Why we're so neurotic

It's not just our imagination - it IS more complicated to be a mother these days. Don't get me wrong, there are all sorts of ways in which life has improved since the 60s and 70s (computers, fat-free microwave popcorn, equal rights, etc.), but being a mom is so much more challenging, no wonder we're so crazed.
- When our mothers were in our shoes, there was ONE book widely available - Dr. Spock. It contained such revolutionary advice as "Feed babies when they're hungry, not on a set schedule". He told parents - trust your gut, your instincts are sound, you know your kids better than anyone, so relax! Now there are over 78,000 parenting books just on, 691,000 websites if you google 'parenting advice', not to mention t.v. shows, magazines, and more. No matter what your instinct is, there will be an expert out there telling you you're wrong, and we are so bombarded with conflicting information that it's impossible to sort through it all.
- More and more women are delaying child-bearing and work before (or during) child-rearing. So you have an unprecedented number of stay-home moms who used to work (and put all that energy, drive, and organizational ability into raising perfect kids) , plus the economic necessity for more women to work while they raise kids. Thus we have the stay-home-vs.-working-mom war (where each side seems to need to show how much better its choice is). Plus older moms have more invested in their kids; women who left the work force need to prove that their kids were worth it; and working moms feel the need to compensate for the games/shows/assemblies they miss. And no matter what your working status is, there are numerous studies and articles to prove you're doing irreperable damage to your kids. (This is a real-life variation on the Jewish mother joke, about the mom who gives her son 2 ties, and when he puts one on, she complains, "So you didn't like the other one?" My grandmother told my aunt that all her kids' problems were because she stayed home with them and smothered them; meanwhile she told my mother that all our problems were because she worked and neglected us!)
40 years ago, a working mother was a rarity, and just 'being a mom' was considered plenty to do. If a woman worked, it was usually either because she was particularly good at something or because the family needed the income, and either way, the neighbors understood and pitched in to help.

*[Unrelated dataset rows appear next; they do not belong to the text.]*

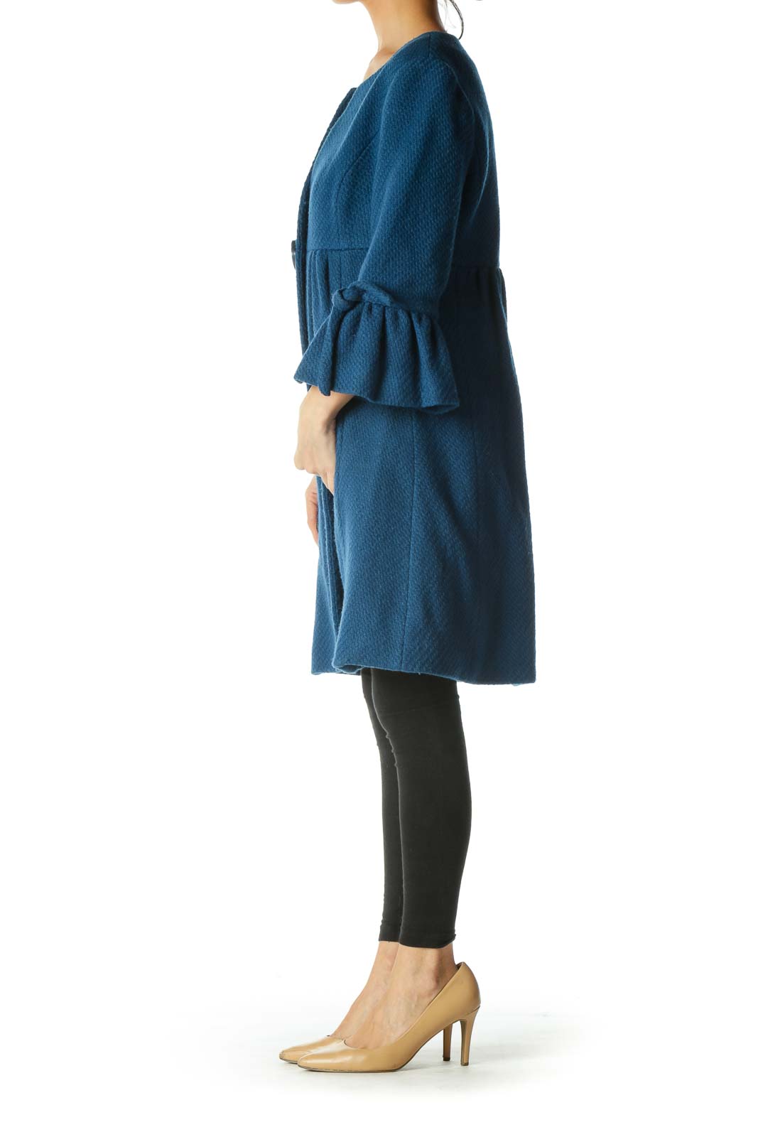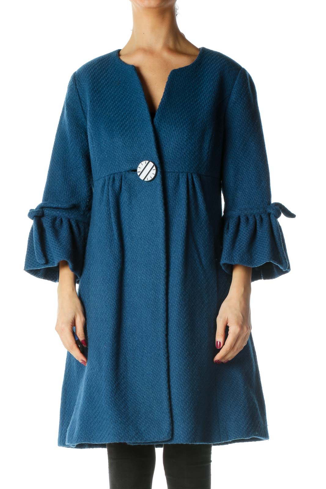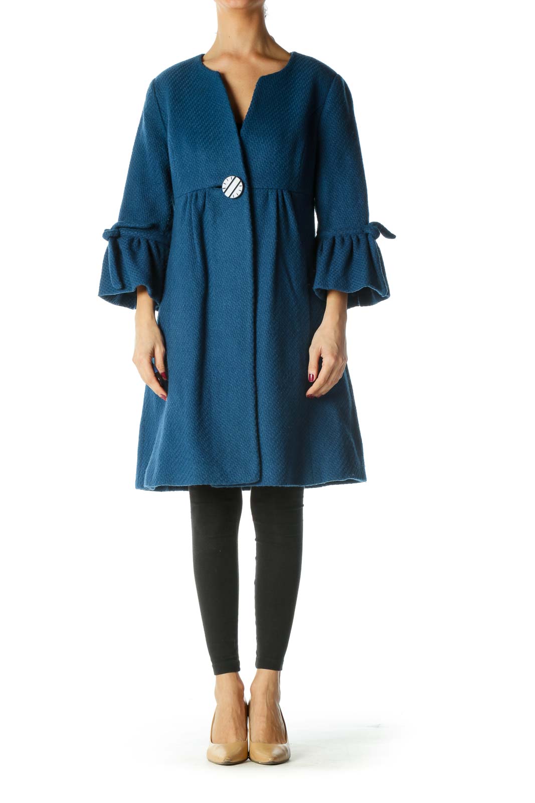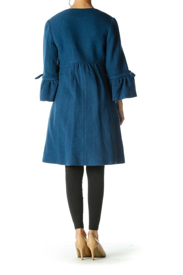 Blue Wool Cotton Round Neck Flared Sleeves Coat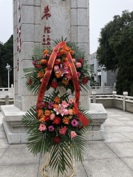 10月26日八时,学习小组从色色 (武汉)南望山校区化石林出发,10:20抵达鄂豫皖苏区首府烈士陵园。受邀出席本次活动的学院党委书记杨昌锐同志和院党委委员、学院院长杨树旺同志代表党支部向革命烈士纪念碑整理、敬献花篮,带领大家向革命烈士纪念碑三鞠躬,深切缅怀为中国革命事业英勇捐躯的革命先烈。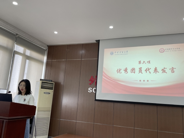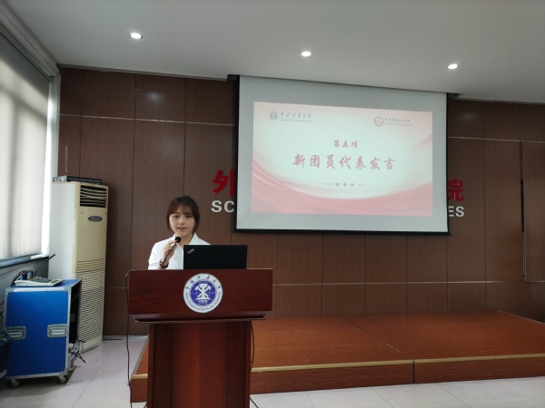 新团员代表魏穆雍同学和优秀团员代表谢林君同学依次进行发言,号召在场的新团员们:要记住今天的青春誓言,刻苦学习、锐意进取,以青春的智慧和汗水谱写新篇章,以昂扬的精神和奋斗的姿态开启新征程。
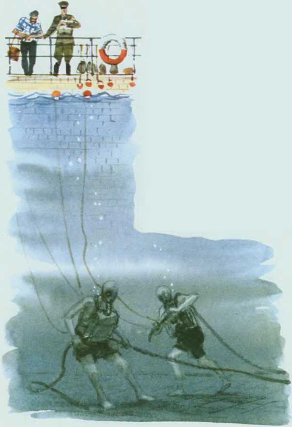 Потом я вытирался полотенцем и с уважением посматривал на солдат, которые готовились спускаться в бассейн. Я-то и пяти минут под водой не пробыл, а выскочил, как пробка. А они сколько работают! Да ещё тяжеленный трос таскают! Каково им?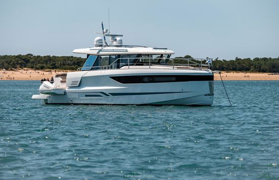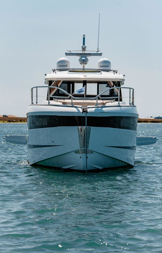 The Trim Level Premiere includes a bow thruster, electric trim flaps, cockpit lights, and a Fusion/JL audio system. Optional packs enhance your voyage: Electronic Pack with dual Garmin GPSMAP 8416 XSVs, Premium Audio Pack, and Comfort Pack with multifunction steering wheel and ambient lighting.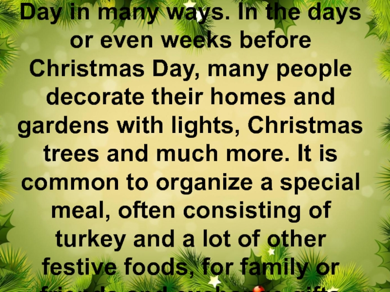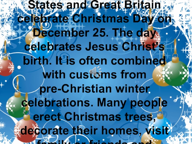 Day on December 25. The day celebrates Jesus Christ's birth. It is often combined with customs from pre-Christian winter celebrations. Many people erect Christmas trees, decorate their homes, visit family or friends and exchange gifts.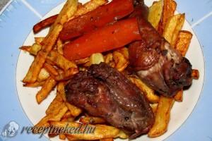 Hozzávalók: 1 egész csirke 1 nagyobb szál répa 2 babérlevél 1 dl víz 1 nagy fej vöröshagyma 1 ek zsír só bors majoranna oregánó 4 dl vörösbor Elkészítése: A csirkét megpucoljuk majd darabjaira vágjuk. A répát és a hagymát nagyobb darabokra vágjuk. Egy nagyobb lábasba vagy tepsibe rakjuk a húst, mellétesszük a répát és hagymát. […]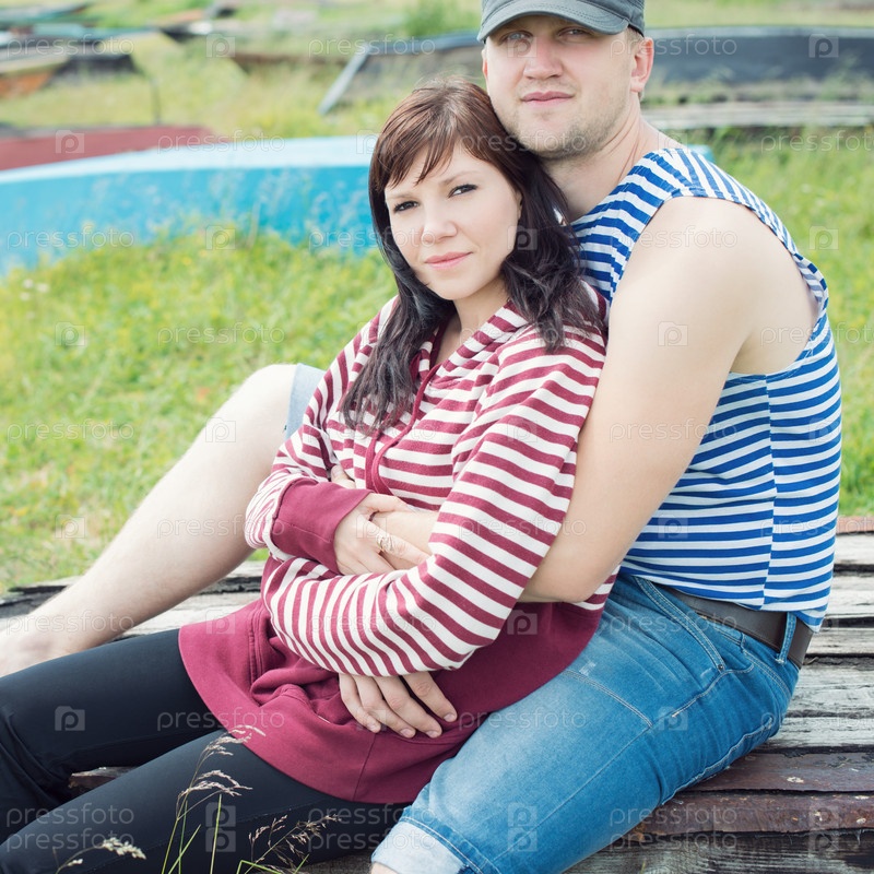 Молодая пара обнимается, сидя на рыбацкой лодке

There was no working vs. stay-home mom war, and also no pressure on women to be amazing executives (or whatever) while cooking gourmet meals, wearing a size 2, and attending every self-esteem-building assembly.
- Then factor in all the pressures on us to be perfect in other ways. For example, 40 years ago, the average fashion model weighed about 5 % less than the average American woman. Now, that discrepancy has exploded, so the images we're seeing in the media are of women who weigh 35-40% less than we do - is it any wonder we're more screwed up (and frustrated) about body image, diet, and attractiveness?

Okay, I can't change all these societal issues single-handedly - hell, I can't usually manage to find my keys on a given day, much less make homemade cupcakes. But at least I can tell other moms - you're not alone!